• [PROBLEM DETAILS] Retype nothing except the lines below from the one with "Слайд 23Пассивный дом" through the one with "満潮が11時頃だった為、少し", exactly, with images left out.

RECORDS Block Start

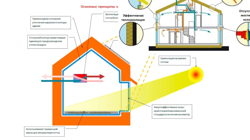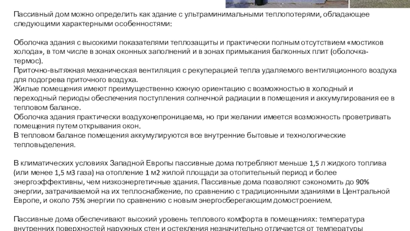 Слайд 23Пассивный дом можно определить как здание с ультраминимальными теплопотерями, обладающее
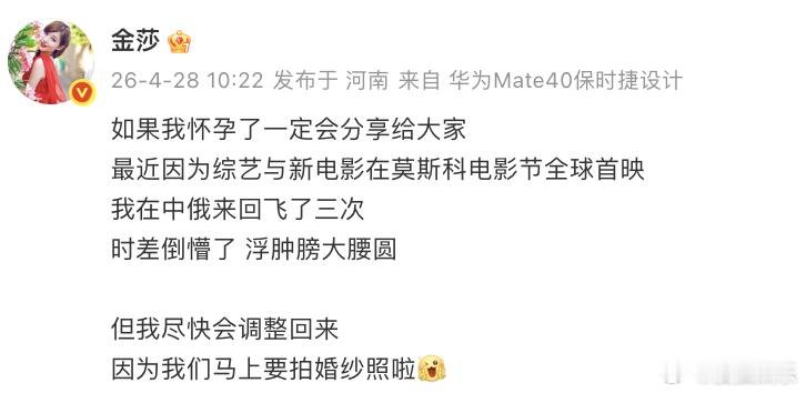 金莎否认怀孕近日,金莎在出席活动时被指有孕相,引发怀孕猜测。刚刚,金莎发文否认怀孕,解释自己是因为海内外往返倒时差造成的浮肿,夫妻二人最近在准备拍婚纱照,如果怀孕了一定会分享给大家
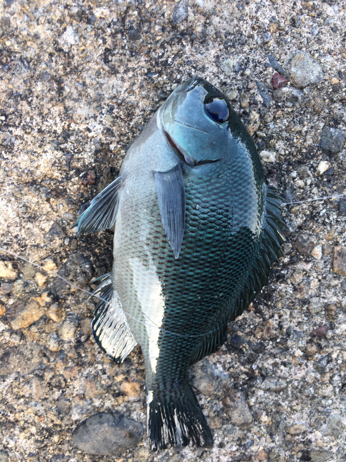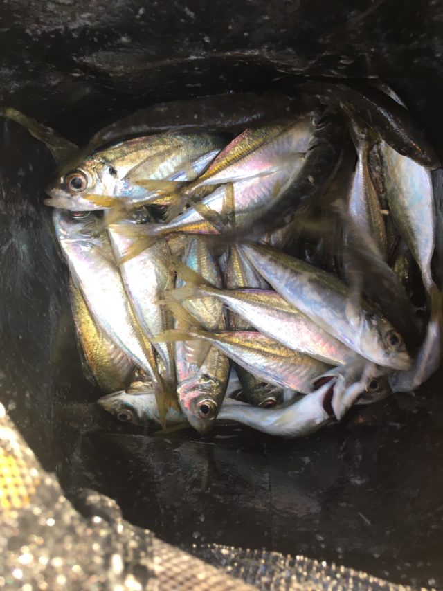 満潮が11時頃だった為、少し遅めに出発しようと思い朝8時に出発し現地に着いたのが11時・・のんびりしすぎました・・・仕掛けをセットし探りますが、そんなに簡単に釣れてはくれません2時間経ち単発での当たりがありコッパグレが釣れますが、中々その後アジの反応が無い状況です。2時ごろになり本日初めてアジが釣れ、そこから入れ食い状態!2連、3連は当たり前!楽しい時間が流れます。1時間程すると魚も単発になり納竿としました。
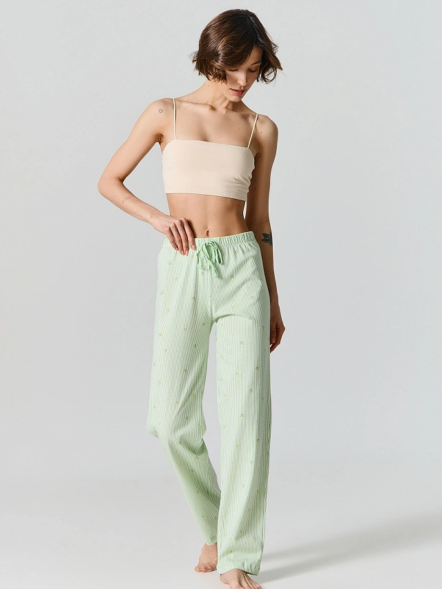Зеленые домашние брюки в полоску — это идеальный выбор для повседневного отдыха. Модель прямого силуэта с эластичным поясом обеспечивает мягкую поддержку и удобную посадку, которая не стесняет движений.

RECORDS Block End
RECORDS Block Start

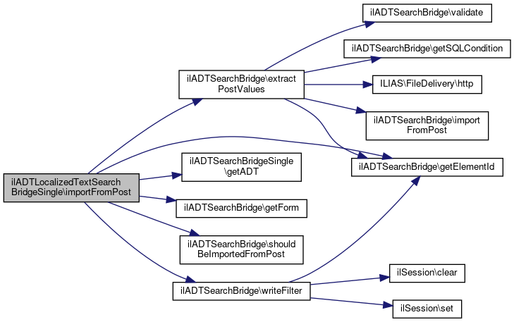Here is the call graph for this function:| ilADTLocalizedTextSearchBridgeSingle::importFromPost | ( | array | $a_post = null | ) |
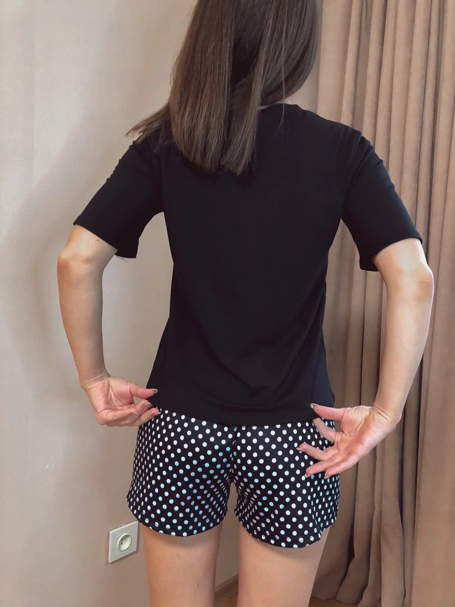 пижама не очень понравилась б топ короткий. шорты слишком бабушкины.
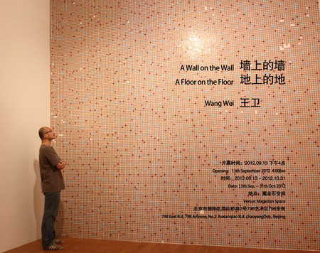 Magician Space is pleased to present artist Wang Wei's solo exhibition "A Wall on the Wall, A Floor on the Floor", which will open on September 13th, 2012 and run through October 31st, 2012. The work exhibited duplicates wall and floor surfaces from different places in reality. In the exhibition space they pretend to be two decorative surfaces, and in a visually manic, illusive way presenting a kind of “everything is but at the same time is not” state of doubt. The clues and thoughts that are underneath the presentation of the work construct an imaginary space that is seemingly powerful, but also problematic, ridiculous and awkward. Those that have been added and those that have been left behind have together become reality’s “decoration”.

RECORDS Block End

• [RESULT OF THE TASK]
 Слайд 23Пассивный дом можно определить как здание с ультраминимальными теплопотерями, обладающее
 金莎否认怀孕近日,金莎在出席活动时被指有孕相,引发怀孕猜测。刚刚,金莎发文否认怀孕,解释自己是因为海内外往返倒时差造成的浮肿,夫妻二人最近在准备拍婚纱照,如果怀孕了一定会分享给大家
 満潮が11時頃だった為、少し遅めに出発しようと思い朝8時に出発し現地に着いたのが11時・・のんびりしすぎました・・・仕掛けをセットし探りますが、そんなに簡単に釣れてはくれません2時間経ち単発での当たりがありコッパグレが釣れますが、中々その後アジの反応が無い状況です。2時ごろになり本日初めてアジが釣れ、そこから入れ食い状態!2連、3連は当たり前!楽しい時間が流れます。1時間程すると魚も単発になり納竿としました。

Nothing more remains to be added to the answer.